Work task: The whole listing is to be restated word for word with no images.

Data extract:
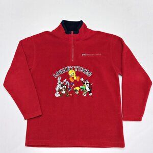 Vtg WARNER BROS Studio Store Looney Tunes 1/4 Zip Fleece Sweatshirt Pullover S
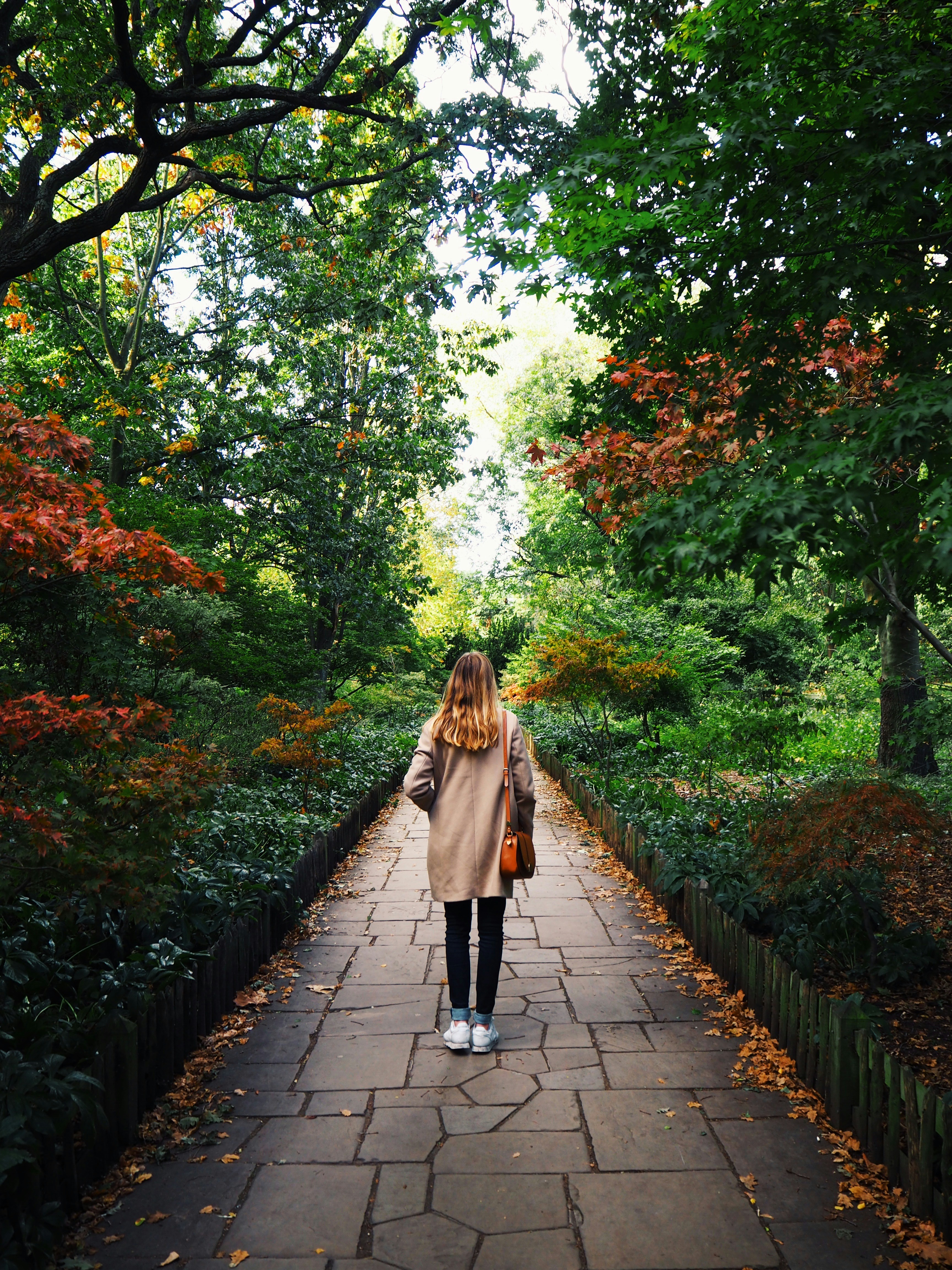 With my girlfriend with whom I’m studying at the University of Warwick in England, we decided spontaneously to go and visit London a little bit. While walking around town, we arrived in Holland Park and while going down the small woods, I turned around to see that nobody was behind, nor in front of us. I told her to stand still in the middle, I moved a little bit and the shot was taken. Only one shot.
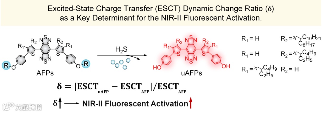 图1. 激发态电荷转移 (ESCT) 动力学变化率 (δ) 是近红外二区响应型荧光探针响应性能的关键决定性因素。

Solution:
 Vtg WARNER BROS Studio Store Looney Tunes 1/4 Zip Fleece Sweatshirt Pullover S
 With my girlfriend with whom I’m studying at the University of Warwick in England, we decided spontaneously to go and visit London a little bit. While walking around town, we arrived in Holland Park and while going down the small woods, I turned around to see that nobody was behind, nor in front of us. I told her to stand still in the middle, I moved a little bit and the shot was taken. Only one shot.
 图1. 激发态电荷转移 (ESCT) 动力学变化率 (δ) 是近红外二区响应型荧光探针响应性能的关键决定性因素。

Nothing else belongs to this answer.